It was a depressing analysis. This time the plot was supposed to be different: the main script- writer had changed since the last series, with the election of Yitzhak Rabin as Israel's Prime Minister. As the parties flew home for a recess, those who had watched the first two weeks in Washington were left wondering why Mr Rabin had produced so few new lines, particularly on the Palestinian question.
One answer was that he forgot to change his lead character, Elyakim Rubenstein, the lawyer- diplomat who had also been Yitzhak Shamir's chief negotiator. A change of negotiator in the Syrian talks contributed to a clear improvement in relations, and it is now rumoured that Mr Rubenstein may be axed.
Mr Rubenstein was more polite than before, but used the same formulas and tactics as he had under Mr Shamir, according to Palestinians and Jordanians involved in the talks. It was the head of the Israeli delegation who last week allowed these 'historic' talks to break down because of a niggling row over who the Palestinians could use as expert advisers.
A more fundamental cause of the renewed stalemate, however, was the overblown confidence of the Israelis, with US support behind them. Israel seems to have hoped that its widely acclaimed new seriousness would be enough to force Palestinians to accept their terms for interim self-rule.
Far from weakening under new pressure, however, the Palestinians appear to have hardened their position. The delegation has taken legal and expert advice, which says Israel's terms are unacceptable. The main problem with the terms is that they give no rights over the land, because land raises issues of sovereignty - and sovereignty is not on the table.

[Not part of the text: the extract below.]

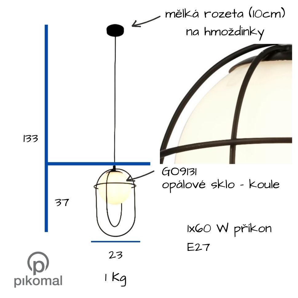 Černý závěs na černém kabelu kov a skleněná opálová koule. Průměr svítidla 23cm, od stropu 1,3metru. Světelný zdroj balení neobsahuje, budete potřebovat žárovku s paticí E27 na maximálně 60W. Rozeta je mělká v černé barvě s konzolkou na hmoždinky.

The proposals allow Mr Rabin to maintain jurisdiction over nearly 70 per cent of West Bank land - land which that is either settled by Jews already or was acquired during the occupation as 'state land'. Palestinian autonomy would operate in vaguely defined enclaves alongside these Israeli-controlled areas. But that autonomy would be severely restricted and still under military rule. Jerusalem remains off the agenda altogether.
The Palestinians are arguing that to accept Israel's terms would be to become puppets of the occupation and to cement 'de-facto annexation' of Palestinian lands, which would prejudice the Palestinian right to full statehood in the long term.
'We cannot agree to anything that would consolidate and legalise what has been done in the past 25 years,' said Raja Shehadeh, the Palestinians' leading legal expert. 'Autonomy as the Israelis are offering it will not lead to peace.'
Issues such as Jewish settlement, land confiscation and Jerusalem must, at least, be negotiable, say the Palestinians.
The ball is back in Mr Rabin's court. The Israelis need a little visionary thinking to push the negotiators beyond procedural wrangling. Without angering the settlers Mr Rabin must find a way of assuring Palestinians that they will have some meaningful powers in the interim period, and the chance in the future to negotiate jurisdiction over land.
One cause for hope is that Mr Rabin's public utterances since his election have often shown greater vision than his negotiating team. In a speech last week he urged Israelis to abandon the idea of 'greater Israel' and to realise that strength was not a reflection of territories held. He may have had the Golan Heights in mind - with a deal with Syria now seeming closer than a deal with the Palestinians. If he had the West Bank and Gaza in mind, too, he should send a copy of his speech to his negotiators before the next talks.